# Grinding Rattle Noise



## Chris90FB240sx (Feb 25, 2005)

When Im in reverse and the clutch is engaged the car sounds fine but if I release the clutch I can hear this grinding or rattle sound in the drive train.... But if I put it in Nuetral it stops.... Its only when I have the clutch disengauged and the carin reverse. Any Ideas?


----------



## azRPS13 (Jun 7, 2003)

Any Idea's? I got the same thing going on...


----------



## luka (May 3, 2005)

sounds like your throw/release bearing is on it's way out. not a hard/expensive thing to replace. just a real bitch 

and it's honestly not a big deal either. it's more of an incovenience then anything else. my throw bearing has been grinding for over a year now with no ill effects. I need a new clutch soon so I'll replace it when I get around to doing the clutch.


----------



## rogoman (Dec 16, 2004)

Chris90FB240sx said:


> When Im in reverse and the clutch is engaged the car sounds fine but if I release the clutch I can hear this grinding or rattle sound in the drive train.... But if I put it in Nuetral it stops.... Its only when I have the clutch disengauged and the carin reverse. Any Ideas?
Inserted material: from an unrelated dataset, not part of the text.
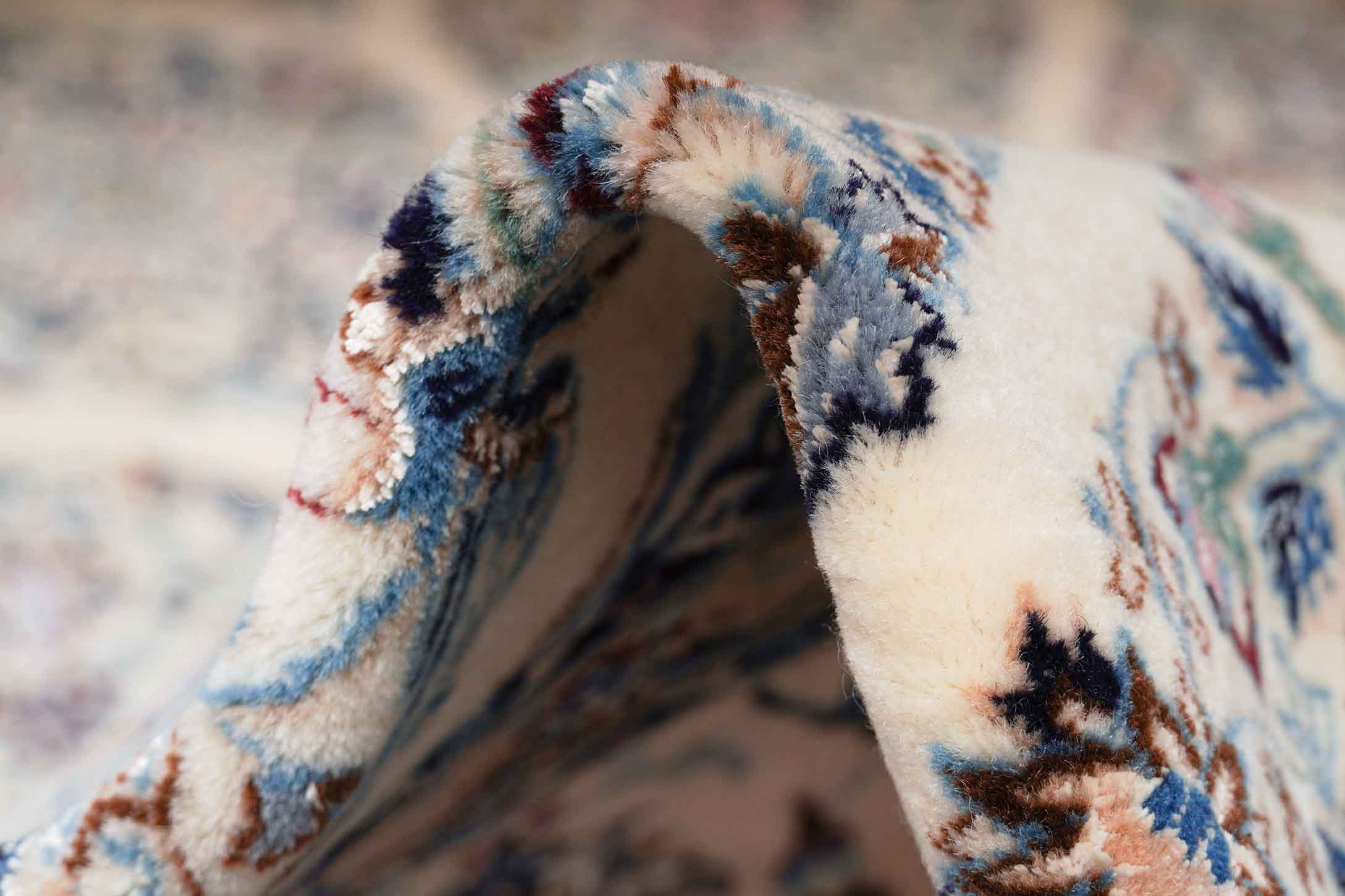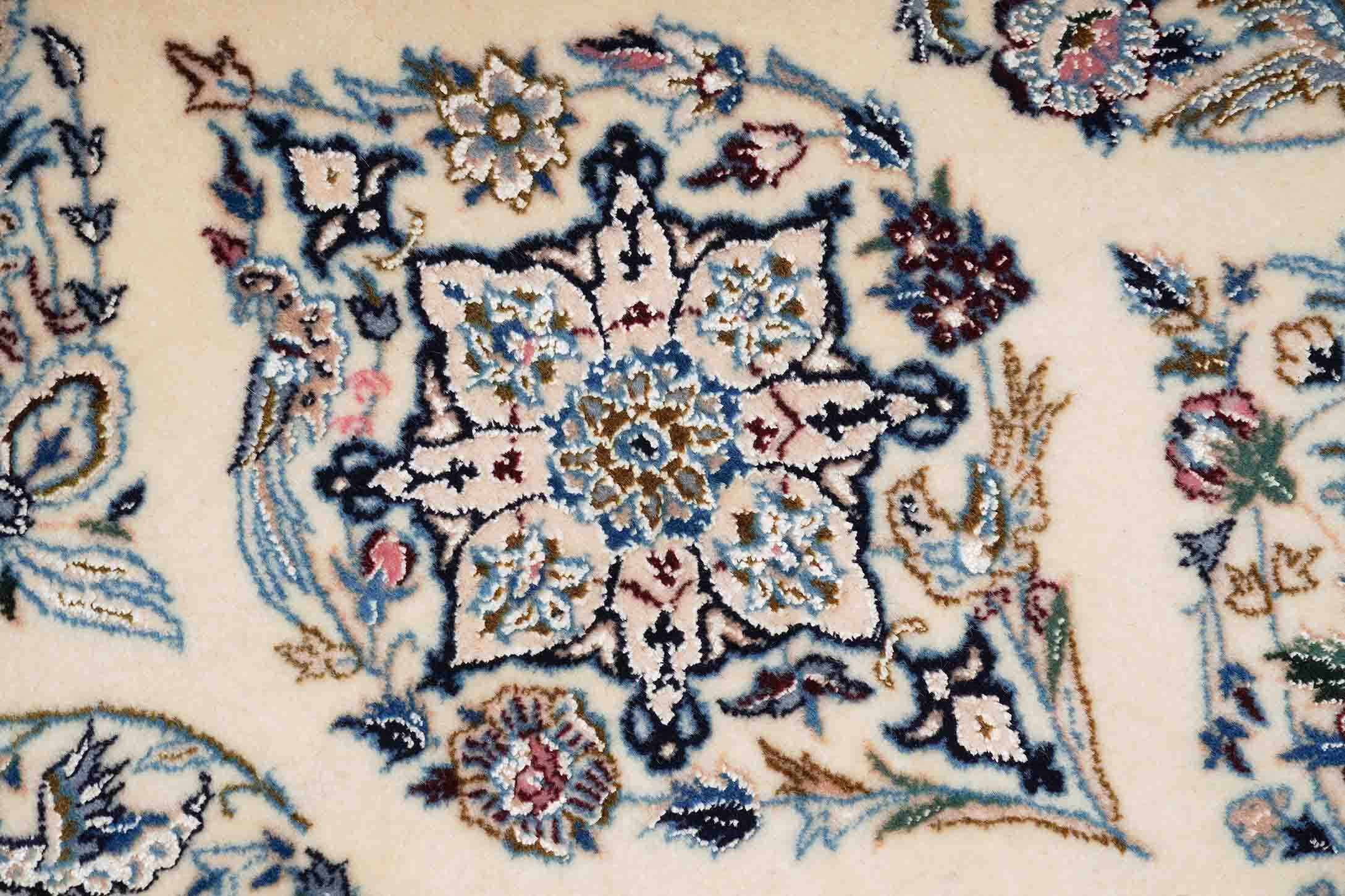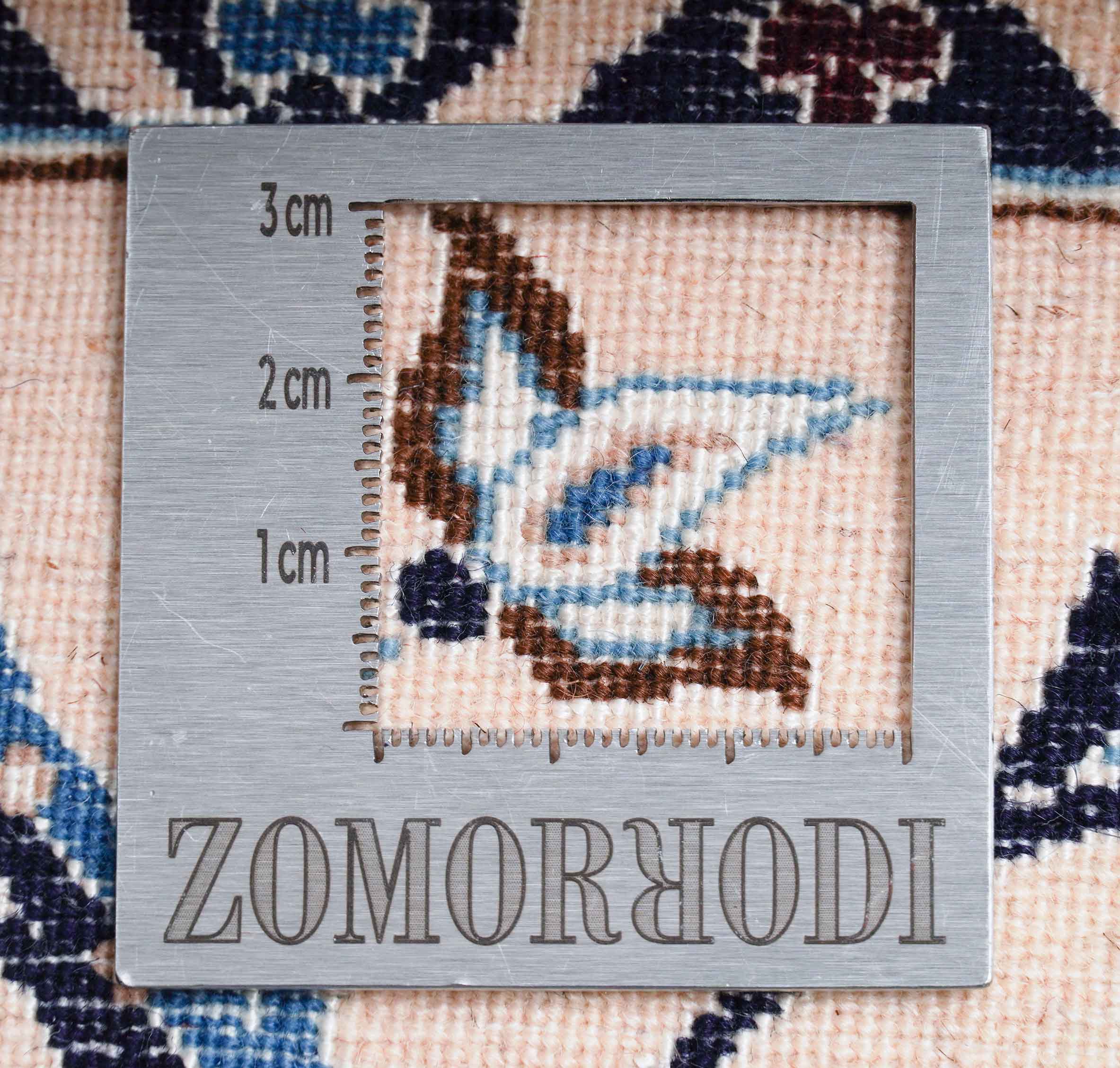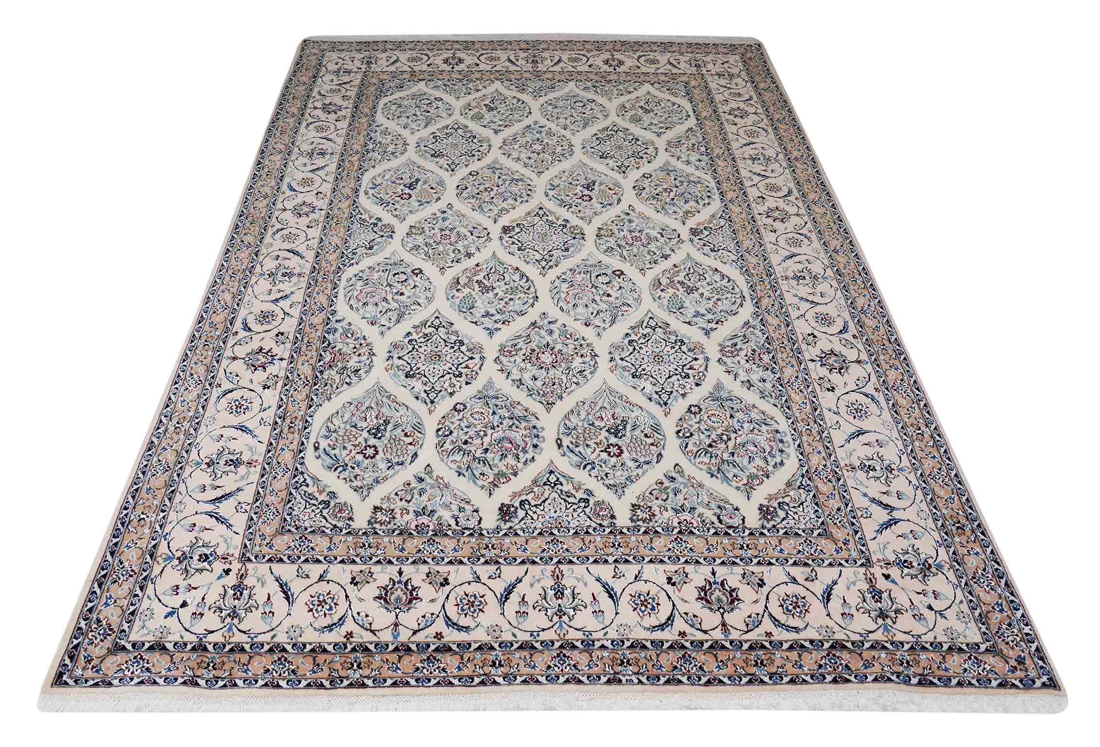 Die wiederholenden Elemente dieses Nain Tepppichs haben kein spezifisches Zentrum. Das wiederkehrende Rapportmuster wirkt beruhigend aber nicht langweilig. Teppiche mit Rapportmuster werden auch als durchgemustert bezeichnet.

Let's get this straight. Is the noise only occurring when you're in reverse, your foot off the clutch pedal and the car moving under power? If yes, the problem may be in the tranny, driveshaft or possibly the differential. Does the noise occur in any of the forward gears?


----------



## azRPS13 (Jun 7, 2003)

The Noise is occuring In gear (reverse) and Foot on the clutch... Motion under momentum... Noise goes away when taken out of gear into neutral... While still in motion... I thought it was my diff also but I just got a VLSD put in, and it still does the same... Its starting to happen in the forward gears for me (not sure about Chris) Im starting to think its tranny related...


----------



## luka (May 3, 2005)

azRPS13 said:


> The Noise is occuring In gear (reverse) and Foot on the clutch... Motion under momentum... Noise goes away when taken out of gear into neutral... While still in motion... I thought it was my diff also but I just got a VLSD put in, and it still does the same... Its starting to happen in the forward gears for me (not sure about Chris) Im starting to think its tranny related...


if the clutch is in (ie your stepping on it) the tranny isn't moving. it moves for a bit as it winds down but there is nothing driving it (unless you're in motion)

I can guarantee you it's the release bearing.

as for your reverse thing.. either you're hearing things or it's unrelated to your release bearing issue.

ps... reverse does make a funny whining noise so if htat's what you're talking about.. don't worry about it, heh.


----------



## 180slider (Jan 19, 2005)

i had the same problem when i had my KA tranny. the grinding noise was in the tranny i had the car for two days then it wen. i got it check out and the gears was grinding and lil metal peices came out when the oil was let out. so the best thing is too change the tranny.


----------



## azRPS13 (Jun 7, 2003)

luka said:


> if the clutch is in (ie your stepping on it) the tranny isn't moving. it moves for a bit as it winds down but there is nothing driving it (unless you're in motion)
> 
> I can guarantee you it's the release bearing.
> 
> ...


A) Like we said... We are in Motion... so the tranny is in motion due to the wheels moving it...

B) Not the release bearing... Mine's brand spanking new... It was still making the noise way before it was changed... Besides, It would do it in all the gears all the time if it was...

C) Yes, reverse does make a noise... even in new cars, but not this loud and annoying... Hell, it makes a KAAZ 2.5 LSD and my exhaust seem like a mime...

but I think 180slider is correct... this tranny has had it... That is teh sux


----------



## rogoman (Dec 16, 2004)

azRPS13 said:


> The Noise is occuring In gear (reverse) and Foot on the clutch... Motion under momentum... Noise goes away when taken out of gear into neutral... While still in motion... I thought it was my diff also but I just got a VLSD put in, and it still does the same... Its starting to happen in the forward gears for me (not sure about Chris) Im starting to think its tranny related...


Sounds like there's a worn bearing(s) or broken gear teeth in the tranny.


----------



## luka (May 3, 2005)

I don't know what engine / tranny your running, but I know on the s14 the drain plug on the transmission has a magnet to catch any loose metals in the tranny..

it might be worth your while to drain it and take a look at the magnet / the condition of the gear lube.. might give you some insight as to what the hell is up. 

I remember when I blew the 1-2 fork on my colt, the gear lube was like a metal oatmeal, it was wack.


----------